Academics at NUI Galway have warned that the digital divide could have a major impact as eHealth becomes more widespread in promoting health and wellbeing.
Ahead of the 25th annual Health Promotion Conference at NUI Galway, the co-chairs of the event highlighted the need for ongoing research on the issue of unequal access to technology and digital information and services.
Dr Victoria Hogan and Dr Jane Sixsmith will chair the event next Thursday which will explore the use of eHealth in various settings such as the workplace, children’s health, mental health, and health promotion apps.
Dr Jane Sixsmith said that the increasing use of digital technology is an opportunity for the promotion of health but the challenge is the inequality in access as a result of the digital divide.
“As we further develop and use these technologies for health we must ensure equity of access,” said Dr Sixsmith.
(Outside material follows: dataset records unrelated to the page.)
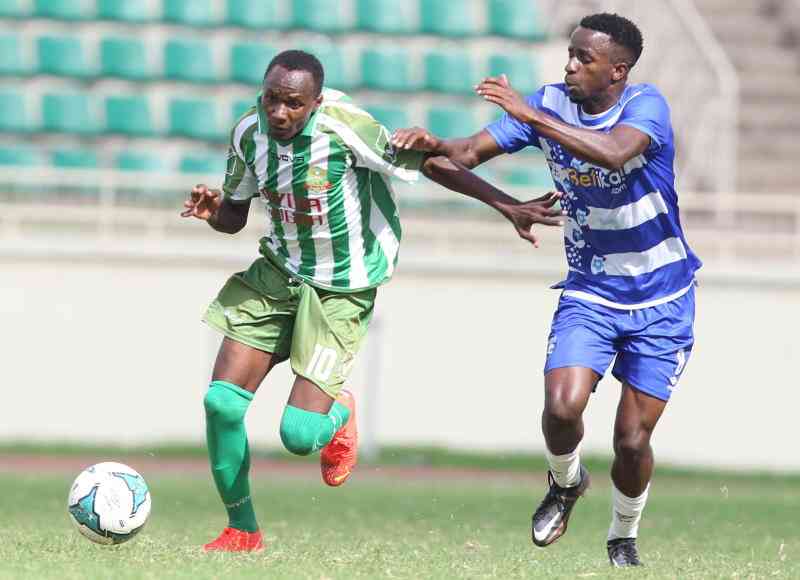 AFC Leopards' Brayan Wanyama and Hassan Beja of Nzoia Sugar in FkF Kenya Premier League at Nyayo National stadium. [Jonah Onyango, Standard]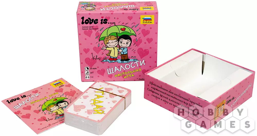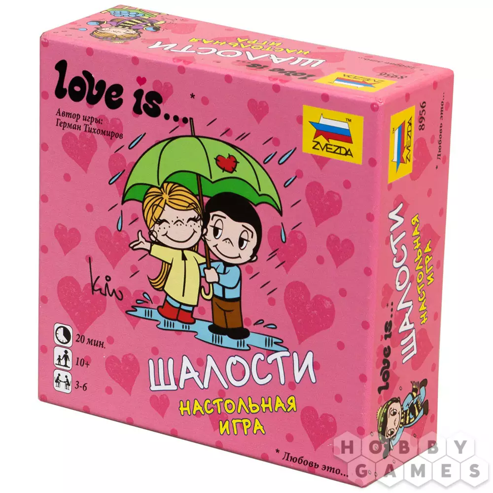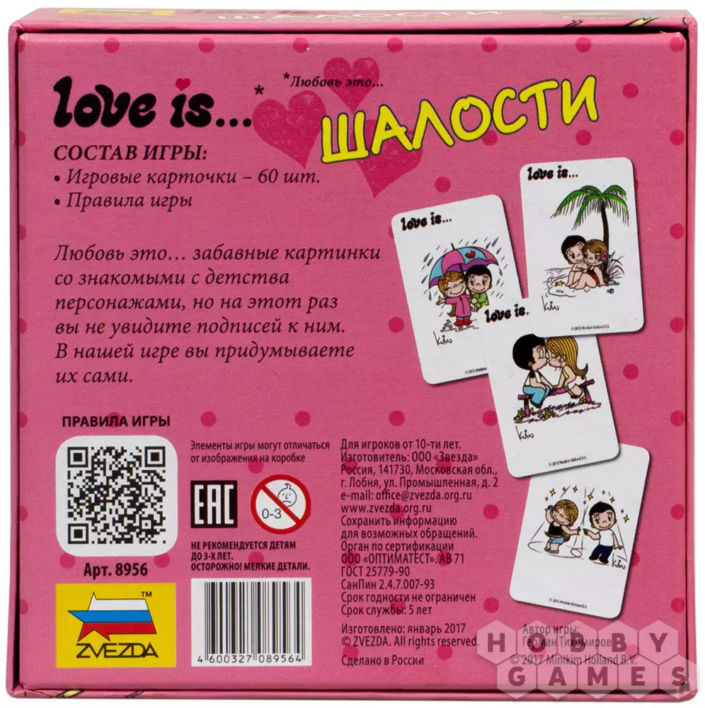 В настольной игре "Love is... Шалости" одному игроку предстоит придумывать подписи к картинкам на карточках, а затем рассказать об этом другому, который в свою очередь должен жестами изобразить загаданное.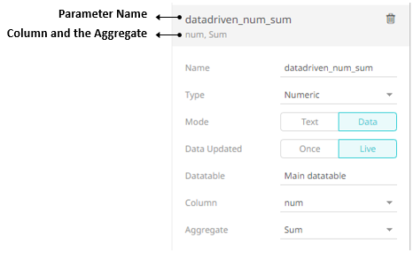 · For the Data mode, the parameter is given a data-driven value either Once or Live.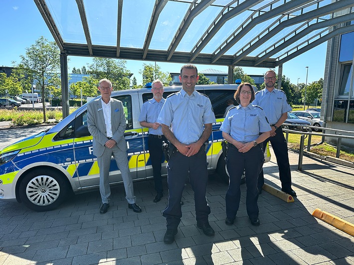 Bild (v.l.n.r.) Landrat Sven-Georg Adenauer, Polizeidirektor Dirk Zeller, Polizeioberkommissar Mustafa Solmaz, Polizeihauptkommissarin Tanja Lindahl und Polizeihauptkommissar Dirk Wienkenhoff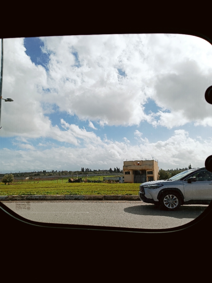 - "The image depicts a roadside scene under a partly cloudy blue sky, viewed through a dark, irregularly shaped frame, likely a vehicle window" by FM-8A33E3, licensed under CC BY 4.0

Dr Victoria Hogan added: “Given the ubiquitous nature of digital technology in everyday life, and the increasing importance of technology for health, this is considered a priority area for both health promotion research and practice.”
The Health Promotion Conference will be attended by Frank Feighan TD and brings together leading academics, researchers, practitioners and policymakers working with eHealth.
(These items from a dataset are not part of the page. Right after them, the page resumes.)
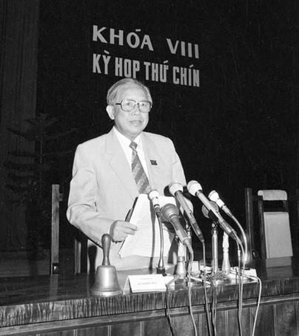 Chủ tịch Quốc hội Lê Quang Đạo phát biểu khai mạc Kỳ họp thứ 9, Quốc hội khóa VIII (27/7/1991). Ảnh: Kim Hùng - TTXVN |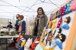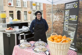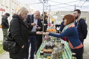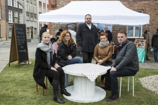 Gdańsk, pl. T. Polaka przy ul. Ogarnej. Konferencja prasowa poprzedzająca organizację "Wolnego Targu". Nz. organizatorzy Targu, od lewej: Anna Włodarczyk, Magdalena Kosakowska, Jakub Żelazny, Katarzyna Błaszczyk i Tomasz Skowroński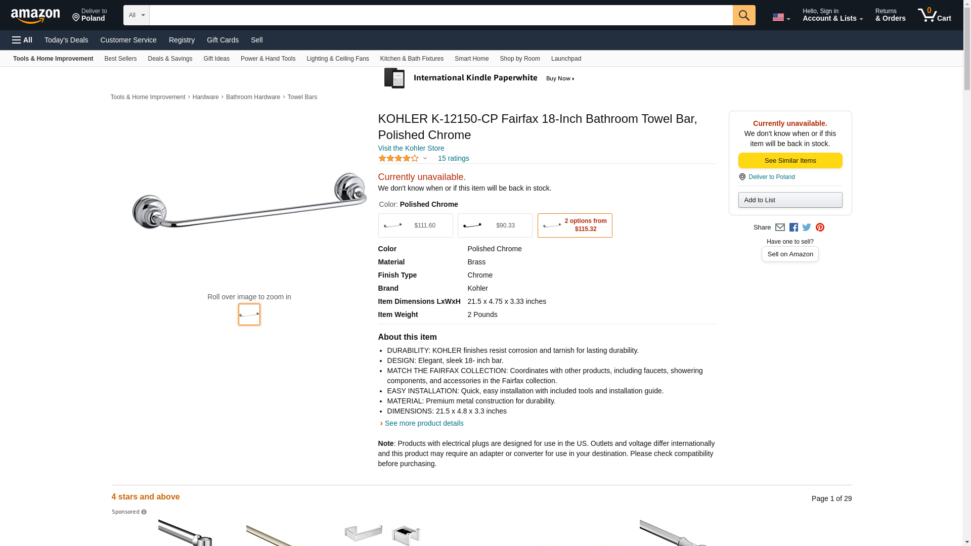 Kohler - Fairfax Series 18 Inch Towel Bar Bathroom Accessories
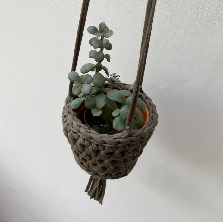 This planter would look lovely in a bathroom, bedroom or kitchen. It is crocheted by hand using tactile t-shirt yarn in a shade of dark khaki, formed from the off-cuts from the textile manufacturing process. So not only does it look pretty but it's sustainable too!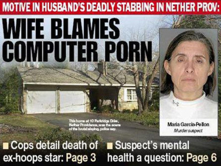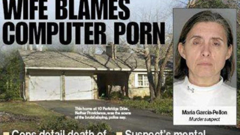 Kvinden blev anholdt i parrets hjem i Nether Providence i Pensylvania og tilstod at hun havde stukket sin mand ihjel, fordi han så børneporno. Drabet skete natten til mandag, mens manden lå og sov.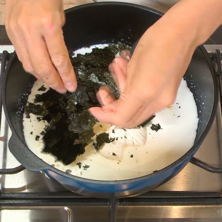*今回は海苔でとろみがつくので、少し牛乳多めにするとよりおいしくなります!
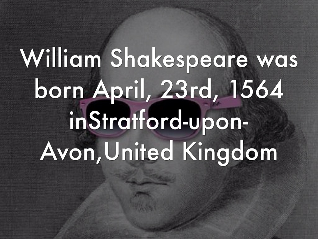 William Shakespeare was born April, 23rd, 1564 inStratford-upon-Avon,United Kingdom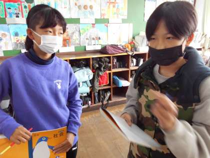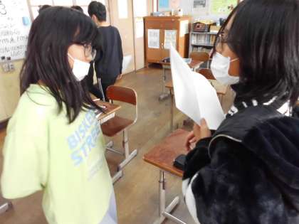 「明治政府の政策についてあなたの支持率は何%?」という問いに対し、根拠を考え、それを友達と話し合いました。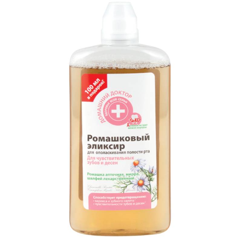 Регулярное применение ромашкового эликсира обеспечивает полноценный уход и длительную защиту чувствительных зубов и десен, придает свежесть дыханию.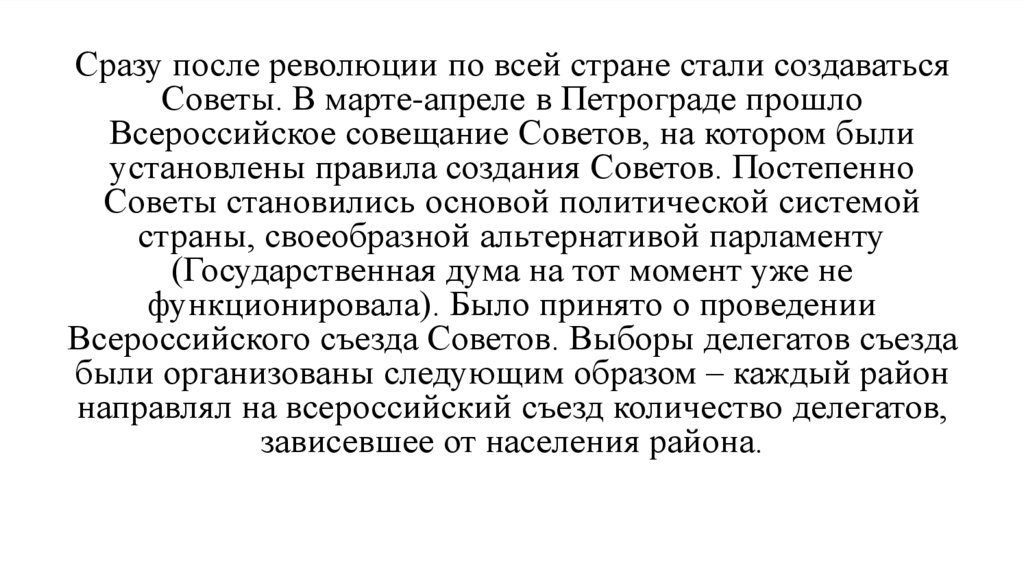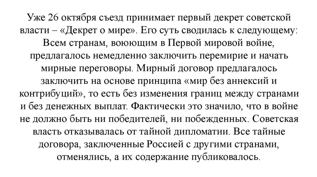 Уже 26 октября съезд принимает первый декрет советскойвласти – «Декрет о мире». Его суть сводилась к следующему:

Professor Margaret M Barry, Established Chair in Health Promotion and Public Health at NUI Galway, will moderate a live panel discussion on the opportunities and challenges of eHealth for health promotion.
Professor Deborah Lupton, SHARP Professor, Faculty of Arts & Social Sciences, University of New South Wales, Australia will draw on projects she has led which have addressed people’s everyday experiences of digital health – from googling symptoms to using discussion forums, websites, social media groups, YouTube, apps and wearable devices. She will also touch on the future of digital health in Covid-19 times.